# MariaDB not starting even in safe mode.



## Understudy (Apr 5, 2021)

Hi All,

Recently did a switch from MySQL8 to MariaDB105 via `pkg`.  Currently running 12.2-RELEASE-p4 FreeBSD 12.2-RELEASE-p4 GENERIC  amd64
The issue comes up when I try to start it.

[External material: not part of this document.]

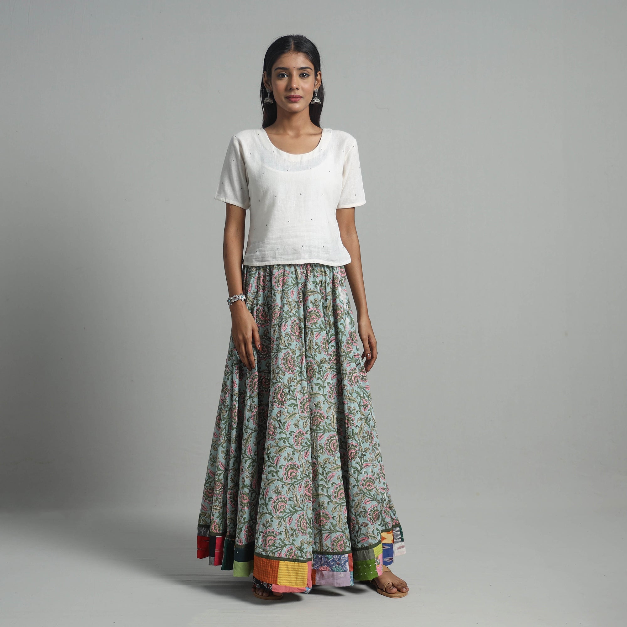 Step into timeless elegance with this green sanganeri block-printed long skirt with patchwork border. Made from cotton, it features an elasticized waist that ensures comfort and traditional block printing from Sanganer, Jaipur. Known for its floral motifs, this adds a unique cultural touch to your wardrobe.

`root@postal:~ # service mysql-server start
Starting mysql.
root@postal:~ # service mysql-server status
mysql is not running.`

Even when I try it with

`mysqld_safe`

I get the same thing.

The log says this :


```
2021-04-04 23:09:19 0 [Note] InnoDB: Uses event mutexes
2021-04-04 23:09:19 0 [Note] InnoDB: Compressed tables use zlib 1.2.11
2021-04-04 23:09:19 0 [Note] InnoDB: Number of pools: 1
2021-04-04 23:09:19 0 [Note] InnoDB: Using crc32 + pclmulqdq instructions
2021-04-04 23:09:19 0 [Note] InnoDB: Initializing buffer pool, total size = 134217728, chunk size = 134217728
2021-04-04 23:09:19 0 [Note] InnoDB: Completed initialization of buffer pool
2021-04-04 23:09:19 0 [ERROR] InnoDB: Invalid flags 0x4800 in ./ibdata1
2021-04-04 23:09:19 0 [ERROR] InnoDB: Plugin initialization aborted with error Data structure corruption
2021-04-04 23:09:19 0 [Note] InnoDB: Starting shutdown...
2021-04-04 23:09:19 0 [ERROR] Plugin 'InnoDB' init function returned error.
2021-04-04 23:09:19 0 [ERROR] Plugin 'InnoDB' registration as a STORAGE ENGINE failed.
2021-04-04 23:09:19 0 [Note] Plugin 'FEEDBACK' is disabled.
2021-04-04 23:09:19 0 [ERROR] Could not open mysql.plugin table: "Table 'mysql.plugin' doesn't exist". Some plugins may be not loaded
2021-04-04 23:09:19 0 [ERROR] Unknown/unsupported storage engine: InnoDB
2021-04-04 23:09:19 0 [ERROR] Aborting
2021-04-04 23:10:38 0 [Note] InnoDB: Uses event mutexes
2021-04-04 23:10:38 0 [Note] InnoDB: Compressed tables use zlib 1.2.11
2021-04-04 23:10:38 0 [Note] InnoDB: Number of pools: 1
2021-04-04 23:10:38 0 [Note] InnoDB: Using crc32 + pclmulqdq instructions
2021-04-04 23:10:38 0 [Note] InnoDB: Initializing buffer pool, total size = 134217728, chunk size = 134217728
2021-04-04 23:10:38 0 [Note] InnoDB: Completed initialization of buffer pool
2021-04-04 23:10:38 0 [ERROR] InnoDB: Invalid flags 0x4800 in ./ibdata1
2021-04-04 23:10:38 0 [ERROR] InnoDB: Plugin initialization aborted with error Data structure corruption
2021-04-04 23:10:38 0 [Note] InnoDB: Starting shutdown...
```


----------



## richardtoohey2 (Apr 5, 2021)

The database is corrupted - but most likely to it being a different format between MySQL and MariaDB:



Understudy said:


> 2021-04-04 23:09:19 0 [ERROR] InnoDB: Invalid flags 0x4800 in ./ibdata1 2021-04-04 23:09:19 0 [ERROR] InnoDB: Plugin initialization aborted with error Data structure corruption


----------



## ct85711 (Apr 5, 2021)

Doing a quick search about the error, you could potentially try recovery and see if mariadb can recover from the corruption.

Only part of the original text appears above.